Thursday, January 30, 2020

The Billie Eilish phenomenon

I say "phenomenon" because I don't find Eilish herself very interesting. I can see why some teenagers are very attracted to her. What I don't get is adults who obsess about pop music. Which brings me to a bit from the New York Times (I found it, as I often find source material for my posts, at Ann Althouse's blog).

Here's the first bit.
The enthusiasm of Ms. Eilish’s devotees denotes a striking turnabout, a new generation’s rejection of the flirty babe aesthetic embodied by contemporary idols like Ariana Grande in favor of something more crazily improvised and less strenuously sexual. 
There is a lot of wishful thinking in that sentence. For starters, it's not even close to true. Eilish is the woman who wrote, "Bruises on both my knees for you; Don't say thank you or please, I do what I want when I'm wanting to." If that isn't strenuously sexual, I don't know what is. Meanwhile, Ruth La Ferla, the author of the piece, has made her living for four decades now writing about fashion—do you believe her when she writes about rejecting an "aesthetic"?
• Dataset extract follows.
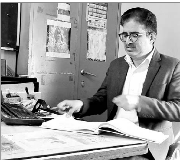
जालोर में विधिक सेवा प्राधिकरण के सचिव न्यायाधीश अहसान अहमद ने वात्सल्य चाइल्ड केयर होम का निरीक्षण किया।

जालोर, (कासं)। जिला विधिक सेवा प्राधिकरण जालोर के अध्यक्ष एवं जिला न्यायाधीश हारून के निर्देशन में जिला विधिक सेवा प्राधिकरण के सचिव अरुण जिला एवं सेशन न्यायाधीश अहसान अहमद में बुधवार को वात्सल्य चाइल्ड केयर होम जालोर का निरीक्षण कर व्यवस्थाओं का जायजा लिया। इस दौरान उन्होंने उपस्थित बालकों से वार्तालाप कर यहां मिलने वाली सुविधाओं के बारे में जानकारी ली, उन्होंने दोपहर में दिए गए भोजन के बारे में भी बालकों से जानकारी ली और भोजन की गुणवत्ता के बारे में पूछा। सचिव ने रसोईघर, मेडिकल किचन, बालकों के चयन कक्ष आदि का निरीक्षण कर उपस्थित कर्मचारियों को आवश्यक दिशा निर्देश दिए। उन्होंने कर्मचारियों को कहा कि बालकों को मिलने वाली सुविधाओं में किसी प्रकार की कमी नहीं रखें। उन्होंने समय-समय पर बच्चों के स्वास्थ्य की जांच करवाने एवं चिकित्सकों का निर्देशानुसार बालकों को प्रतिदिन

Notice also the leap from "Eilish's devotees" to "a new generation". The likelihood of that being true is very small. If you go back to the 1960s, when pop music had much deeper cultural penetration than it does now, no pop star represented an entire generation. In today's highly fragmented music market, even a big star such as Eilish will only each a small fraction of the new generation.

Which brings me to the wishful thinking: we're reading an older woman who would like to see younger women reject the "flirty babe aesthetic." Yeah, that will happen.
Let's read some more.
At 18, [Billie] Eilish, who often goes without makeup, favors a pastiche of outsize 1980s and ’90s hip-hop and skater looks. That look speaks assertively to a Gen Z crowd chary of artifice and aggressive displays of sensuality. 'Her look is not about vanity,' said Lucie Greene, a trend forecaster and brand strategist. 'She is flipping the idea of beauty to something surreal, something influenced by gaming and the cyberculture. These are not the filtered images of millennials' ...
Ah yes, a "trend forecaster". But at least we are getting closer to the truth here: it's not sexuality that bothers these women. It's the aggressive display of sexuality they want to stop. (It's telling how often it is the case that attempts to control women's sexuality are actually the work of other women. It shouldn't be surprising, women have a much stronger interest in controlling other women's sexual display than men do so, of course, they try. It's only necessary to point it out because several decades of feminist rhetoric has tried to pin most of the blame on men.)

There is also something noteworthy hidden in plain sight here.  Eilish, we are told, "favors a pastiche of outsize 1980s and ’90s hip-hop and skater looks." Do you see it? This new phenom is actually pushing a look that was around two decades before she was born. The issue here is not just that she's dressing in a way some people have always dressed but that she is doing so for the same reasons: to flip "the idea of beauty to something surreal". If you were around in the 1980s that will be very familiar.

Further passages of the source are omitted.